INPUT DATA.
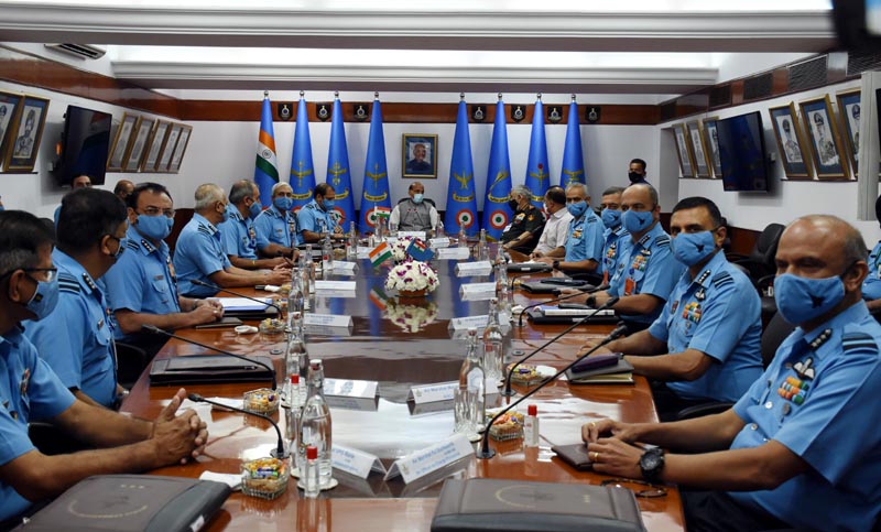 The bi-annual commanders’ conference was inaugurated by Defence Minister Rajnath Singh at the Air Headquarters in Delhi.
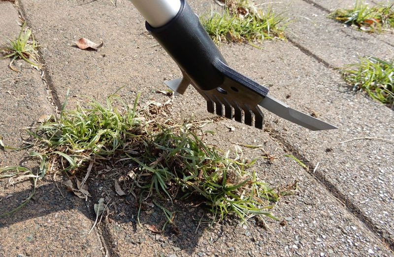 • Helyezd az éles pengét a fuga mellé, húzd végig a gyom tövénél
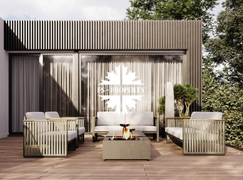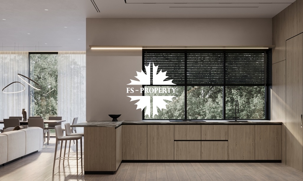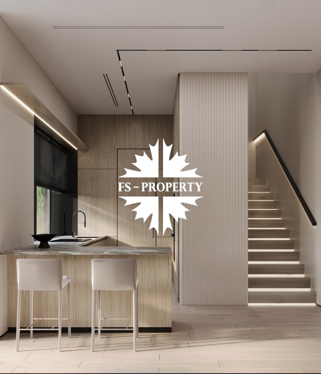 1 этаж: просторная гостиная с обеденной зоной и кухней, уединенный кабинет, который можно использовать под гостевую комнату или хоум офис, 2 санузла, кладовая и постирочная, примыкающая терраса. Потолки – 4, 15м
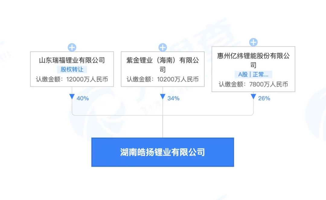 天眼查顯示,湖南皓揚(yáng)鋰業(yè)有限公司(以下簡(jiǎn)稱:皓揚(yáng)鋰業(yè))在11月16日正式成立,注冊(cè)資本3億元人民幣。股東三方包括億緯鋰能、瑞福鋰業(yè)和紫金鋰業(yè),持股比例分別是26%、40%以及34%。
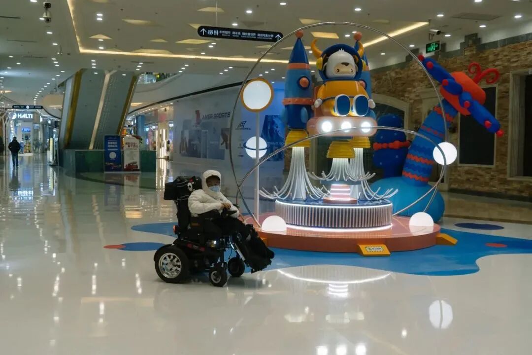我见到他的第三天,摄影师、我跟罗罔极母子俩一起出门,去他常去的万达影院拍照。妈妈先帮套上羽绒服,戴好帽子,身体调整到舒服的坐姿。然后,她把他的左手放到轮椅的操纵杆上,右手叠放到左手上。他得用两只手推控操纵杆。

EXERCISE.
Copy out the listing above in full and leave out its pictures.

RESPONSE TO THE EXERCISE.
 The bi-annual commanders’ conference was inaugurated by Defence Minister Rajnath Singh at the Air Headquarters in Delhi.
 • Helyezd az éles pengét a fuga mellé, húzd végig a gyom tövénél
 1 этаж: просторная гостиная с обеденной зоной и кухней, уединенный кабинет, который можно использовать под гостевую комнату или хоум офис, 2 санузла, кладовая и постирочная, примыкающая терраса. Потолки – 4, 15м
 天眼查顯示,湖南皓揚(yáng)鋰業(yè)有限公司(以下簡(jiǎn)稱:皓揚(yáng)鋰業(yè))在11月16日正式成立,注冊(cè)資本3億元人民幣。股東三方包括億緯鋰能、瑞福鋰業(yè)和紫金鋰業(yè),持股比例分別是26%、40%以及34%。
我见到他的第三天,摄影师、我跟罗罔极母子俩一起出门,去他常去的万达影院拍照。妈妈先帮套上羽绒服,戴好帽子,身体调整到舒服的坐姿。然后,她把他的左手放到轮椅的操纵杆上,右手叠放到左手上。他得用两只手推控操纵杆。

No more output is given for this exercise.